Many grocery stores have installed self checkout systems. Below is the number of customers using the service for a sample of 15 days at the Wal-Mart in NYC,
120 108 120 114 118 91 118 92 104 104 105 112 97 118 108 117
Is it reasonable to assume that the mean number of customers using self checkout is more than 100 per day. Use the .05 significance level.
The average $ value of all sales in the self checkout on these days were
1125 1452 1325 1055 1129 1165 1325 1275 1255 1422 1244 1351 1452 1444 1332 1111
can we assume that the average sale on self checkout is less than 1250
How would your answer to both questions change if both populations are known to be normally distributed with a standard deviation of 3 for the number of customers and 25 for the $ value of sales
Find the mean and the Z score for the values in question for both situations using the formulas indicated on a later post.
P = .05 => ±2 SD
Using the values for a normal distribution in a table in the back of your statistics text, do the respective Z scores fall within ±2 SD?
I hope this helps. Thanks for asking.
To determine whether the mean number of customers using self checkout is more than 100 per day, we can use a one-sample t-test.
Step 1: State the null and alternative hypotheses:
- Null hypothesis (H0): The mean number of customers is not more than 100 per day (μ <= 100)
- Alternative hypothesis (Ha): The mean number of customers is more than 100 per day (μ > 100)
Step 2: Set our significance level/alpha (α) value to 0.05 (5%).
Step 3: Calculate the test statistic:
The test statistic can be calculated using the formula:
t = (x̄ - μ0) / (s / √n)
where x̄ is the sample mean, μ0 is the hypothesized population mean, s is the sample standard deviation, and n is the sample size.
In this case:
x̄ = (120 + 108 + 120 + 114 + 118 + 91 + 118 + 92 + 104 + 104 + 105 + 112 + 97 + 118 + 108 + 117) / 15 = 109.933
s = standard deviation of the sample = √[(Σ(xi - x̄)^2) / (n - 1)] = √[(Σ(xi - 109.933)^2) / (15 - 1)] ≈ 9.986
n = 15
t = (109.933 - 100) / (9.986 / √15) ≈ 1.50
Step 4: Calculate the p-value:
Using a t-distribution table or statistical software, we can find the p-value associated with the test statistic. For a one-tailed test, we compare the p-value to the significance level (α) to determine statistical significance.
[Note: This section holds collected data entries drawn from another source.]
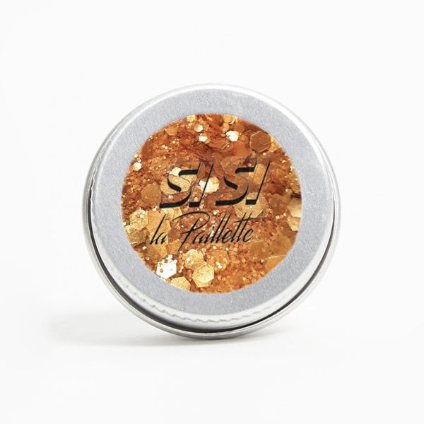 Un mélange de paillettes à base de plantes nacrées Queen du Désert avec une base caramel et or pâle, une touche cuivrée, de toutes les tailles, et surtout 100% sans plastique.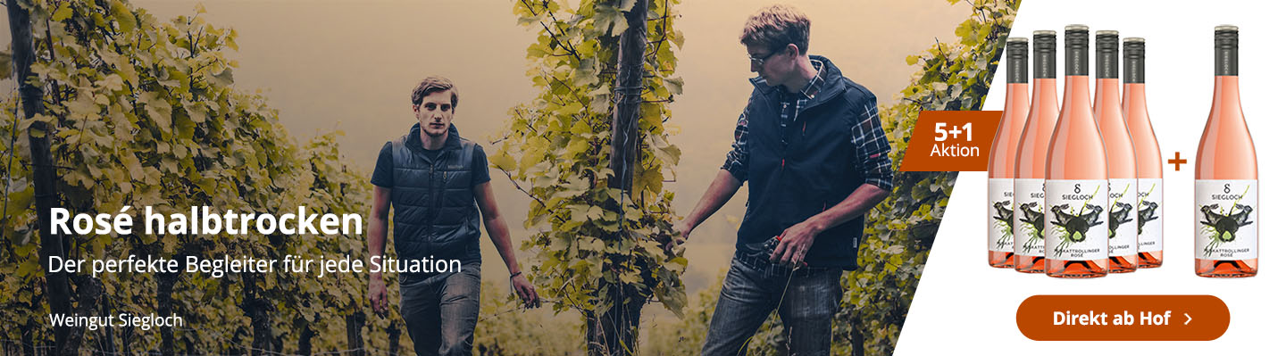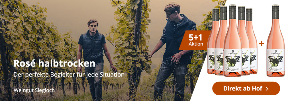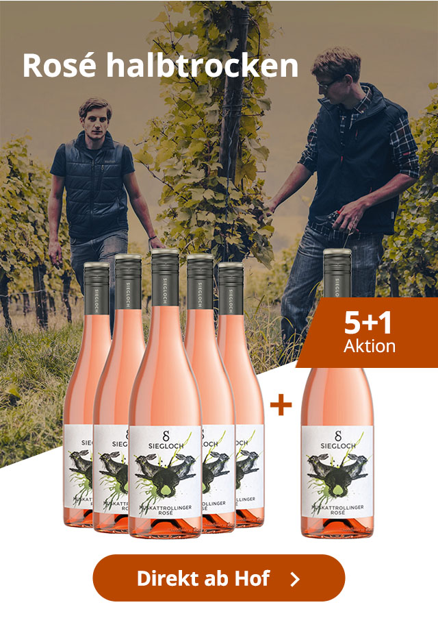 Was fehlt Ihnen noch um richtig in den Sommer starten zu können? Wie wäre es mit einem kraftvoll und frischem Schwarzriesling, der im Glas gut aussieht und perfekt in den Sommer passt. Das Wein...UVP 33,60 € 28,00 € 6,22 €/L (6 x 0,75 L) - 5+1 Paket Muskattrollinger Rosé - Weingut Siegloch5+1 AktionWeingut Siegloch5+1 Paket Muskattrollinger Rosé
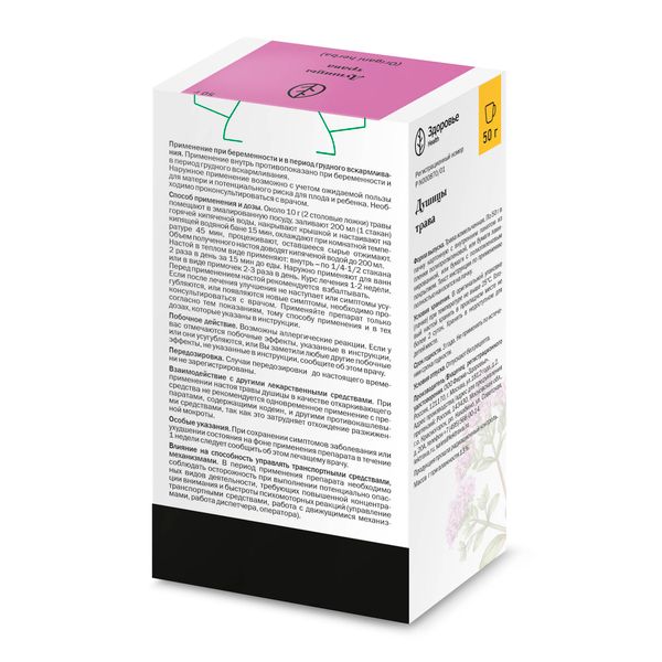 Трава измельчённая по 50 г в пачке картонной с внутренним пакетом. Текст инструкции по применению полностью нанесен на пачку.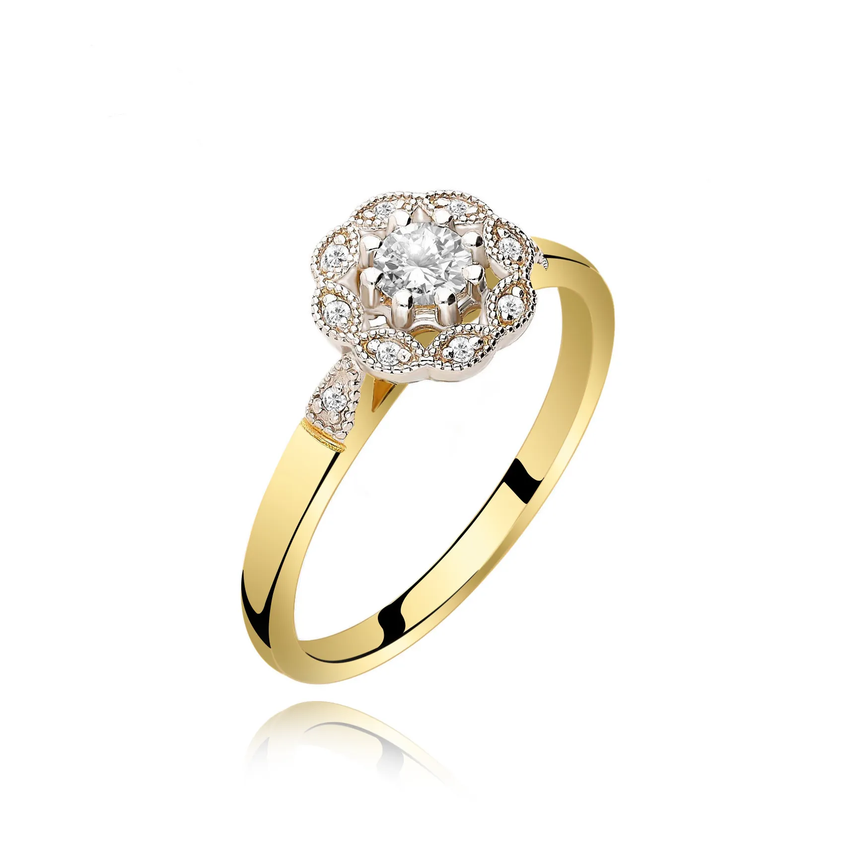 Pierścionek Zaręczynowy Z Brylantami 0,26 ct Kwiatek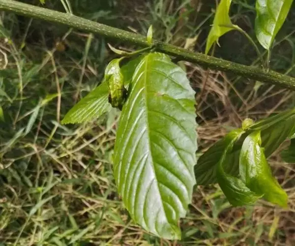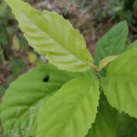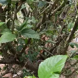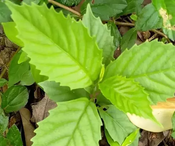 叶片纸质或近坚纸质,广椭圆状卵形至椭圆形,顶端急尖或突然渐尖,基部楔形,长7-11厘米,宽3-5厘米,边缘从中下部以上具粗锯齿,下部常全缘,幼时两面被密长硬毛,以后叶面除脉外近无毛,背面被长硬毛,中脉隆起,侧脉7-9对,尾端直达齿尖,叶柄长7-10毫米,被长硬毛或短柔毛。

The p-value is the probability of observing a sample mean of 109.933 (or more extreme) given that the null hypothesis is true. In this case, the p-value is greater than 0.05.
Step 5: Make a decision:
Since the p-value is greater than the significance level (α = 0.05), we fail to reject the null hypothesis. Therefore, there is not enough evidence to conclude that the mean number of customers using self checkout is more than 100 per day.
Now let's move on to the second question about average sales on self checkout.
To determine whether the average sale is less than 1250, we can also use a one-sample t-test.
Step 1: State the null and alternative hypotheses:
- Null hypothesis (H0): The average sale is not less than 1250 ($μ >= 1250)
- Alternative hypothesis (Ha): The average sale is less than 1250 ($μ < 1250)
Step 2: Set our significance level/alpha (α) value to 0.05 (5%).
Step 3: Calculate the test statistic:
Using a similar approach as before, we calculate the test statistic using the formula:
t = (x̄ - μ0) / (s / √n)
In this case:
x̄ = (1125 + 1452 + 1325 + 1055 + 1129 + 1165 + 1325 + 1275 + 1255 + 1422 + 1244 + 1351 + 1452 + 1444 + 1332 + 1111) / 16 ≈ 1287.8125
s = √[(Σ(xi - x̄)^2) / (n - 1)] = √[(Σ(xi - 1287.8125)^2) / (16 - 1)] ≈ 131.838
n = 16
t = (1287.8125 - 1250) / (131.838 / √16) ≈ 1.121
Step 4: Calculate the p-value:
Using a t-distribution table or statistical software, we find the p-value associated with the test statistic. In this case, the p-value is greater than 0.05.
Step 5: Make a decision:
Since the p-value is greater than the significance level (α = 0.05), we fail to reject the null hypothesis. Therefore, there is not enough evidence to conclude that the average sale on self checkout is less than 1250.
If both populations were known to be normally distributed with a standard deviation of 3 for the number of customers and 25 for the $ value of sales, we could use the z-test instead of the t-test. The steps would be similar, but instead of using the t-distribution, we would use the standard normal distribution (z-distribution) to calculate the z-statistic and find the associated p-values.
However, in this scenario, we do not have information indicating that the populations are normally distributed with known standard deviations. Therefore, we need to rely on the t-test as described above.